#### Records shown ####
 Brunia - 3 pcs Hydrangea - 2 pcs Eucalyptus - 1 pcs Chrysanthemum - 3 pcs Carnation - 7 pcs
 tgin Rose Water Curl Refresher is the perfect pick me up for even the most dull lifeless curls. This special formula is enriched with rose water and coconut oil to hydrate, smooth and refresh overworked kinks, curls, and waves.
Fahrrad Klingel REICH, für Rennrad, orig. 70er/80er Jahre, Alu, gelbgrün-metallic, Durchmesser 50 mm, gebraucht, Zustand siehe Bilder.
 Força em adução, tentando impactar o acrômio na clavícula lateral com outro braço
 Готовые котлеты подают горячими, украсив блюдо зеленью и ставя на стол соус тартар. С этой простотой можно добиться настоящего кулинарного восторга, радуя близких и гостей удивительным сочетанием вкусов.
####
#### Records shown ####
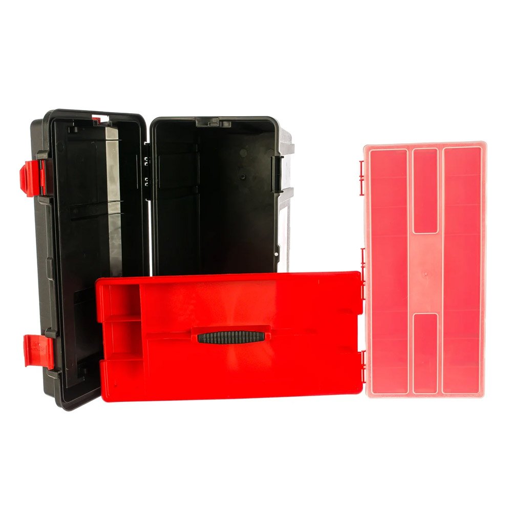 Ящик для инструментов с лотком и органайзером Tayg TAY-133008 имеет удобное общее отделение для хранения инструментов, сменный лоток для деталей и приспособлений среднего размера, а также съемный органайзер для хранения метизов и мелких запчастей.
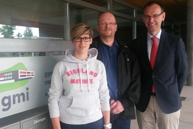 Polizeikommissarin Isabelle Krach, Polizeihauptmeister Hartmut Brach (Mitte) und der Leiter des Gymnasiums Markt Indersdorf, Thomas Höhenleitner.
####
What you are asked to do: Reproduce exactly the stretch of the material above that starts at the line with "tgin Rose Water" and ends at the line with "Fahrrad Klingel REICH, für", both included, and nothing else.

Result of the task:
 tgin Rose Water Curl Refresher is the perfect pick me up for even the most dull lifeless curls. This special formula is enriched with rose water and coconut oil to hydrate, smooth and refresh overworked kinks, curls, and waves.
Fahrrad Klingel REICH, für Rennrad, orig. 70er/80er Jahre, Alu, gelbgrün-metallic, Durchmesser 50 mm, gebraucht, Zustand siehe Bilder.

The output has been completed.